But leaving that aside, we can take sensitivity to our model to
these different parameters. Another way to ask the same question is, is sort of what are the
predictions of the model? And how do they compare to other observations that we can see from Cassini,
the heat flow that's coming out of the South Pole, or the volume of ice particles that are emanating,
you know, if the if the volume of ice that can come out of the geysers is 100
times what my model would produce partial melting, then that means that it's probably not a good
model for the system. And so those are the types of data. In the heat flow example, there's really
nice work describing the decay rate of heat away from a tiger stripe. And so the shear heating
model, it produces a lot of heat at
that location, and then that heat decays away. And so if we are able to match the decay rate,
or at least spectra of the decay rate from the tiger stripe, that could be a good description
of what's happening thermodynamically. So far, so good. I mean, is the data
kind of matching up with what you thought, what the model told you you might see?

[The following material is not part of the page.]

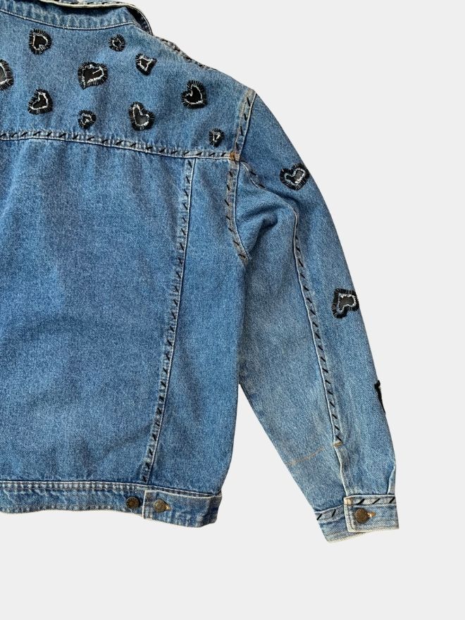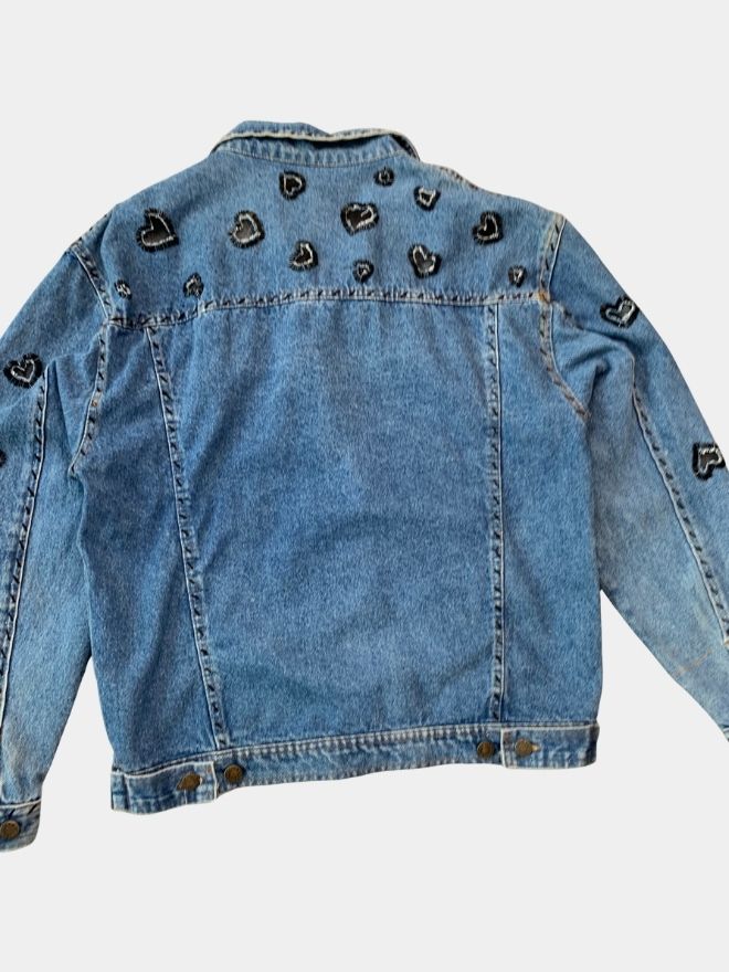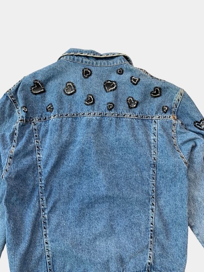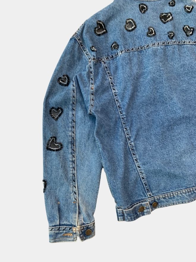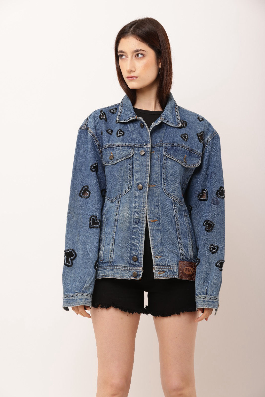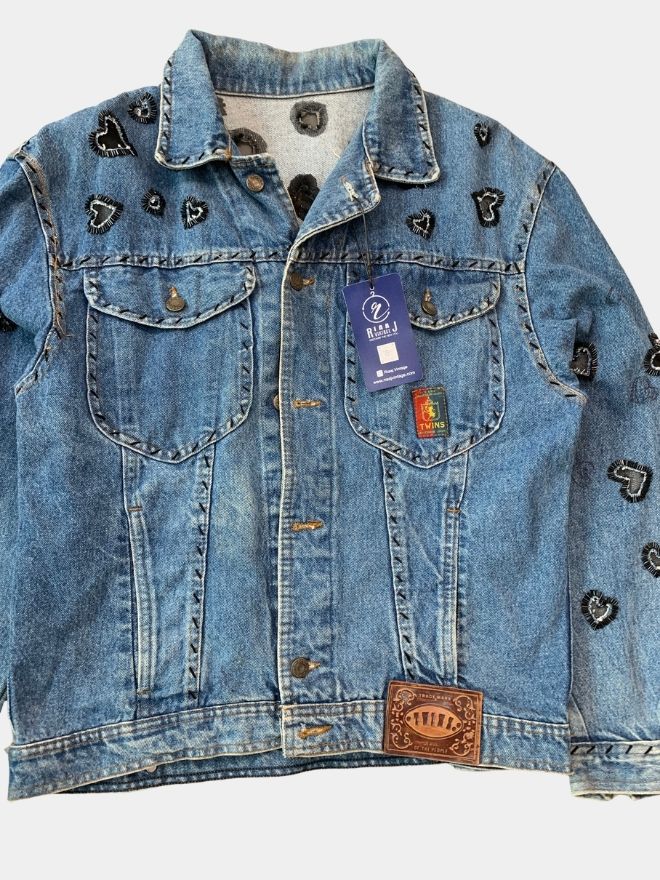 This stunning jacket features a bold rework design, with a heart-shaped cutout that creates a striking focal point. Behind the cutout, mesh fabric is carefully placed from the inside, adding depth and texture to the piece. To secure the mesh, intricate Kundana work is meticulously embroidered all around the heart-shaped cutout, creating a beautiful contrast between the delicate mesh and the ornate stitching. The combination of modern design and traditional craftsmanship makes this jacket a truly unique and eye-catching garment, perfect for adding a touch of artistry and elegance to any outfit.

Well, I mean, so all of this is preliminary, right? So we haven't published this paper yet. We're still working on it. But yes, those are sort of our basically two targets is trying to figure out under what parameter regimes do we observe the things that are observed in Cassini? And, you know, our preliminary work suggests, yes, that we can find parameter regimes that can produce these sort of, that can match those observations from Cassini.
Jacob, you called this a cautionary tale.
Do you remember what you meant by that?
Colin touched on it a bit as far as things like extrapolating the chemistry from the Cassini measurements.
is kind of this tricky bit where if you're directly accessing the ocean, there's a chance that that is a more representative chemistry in the plume particles, but that if there's kind of
this intermediate step, there could be an issue, I think. And for astrobiology, it's kind of the
same thing. You know, when we're thinking about, are these oceans habitable? You know, we want to
know, can things live in these oceans? And I think some of the big questions related to that are, are there the nutrients and energy sources in
these oceans that would make these oceans habitable? But it's kind of like, you know,
me trying to guess what's in your kitchen right now, food flies or something like that, right?
And, you know, if I can actually be there, and if we have missions that can actually get to the
ocean, then you can take these measurements and look around and see what's there and determine whether there's enough there that these potential organisms could use.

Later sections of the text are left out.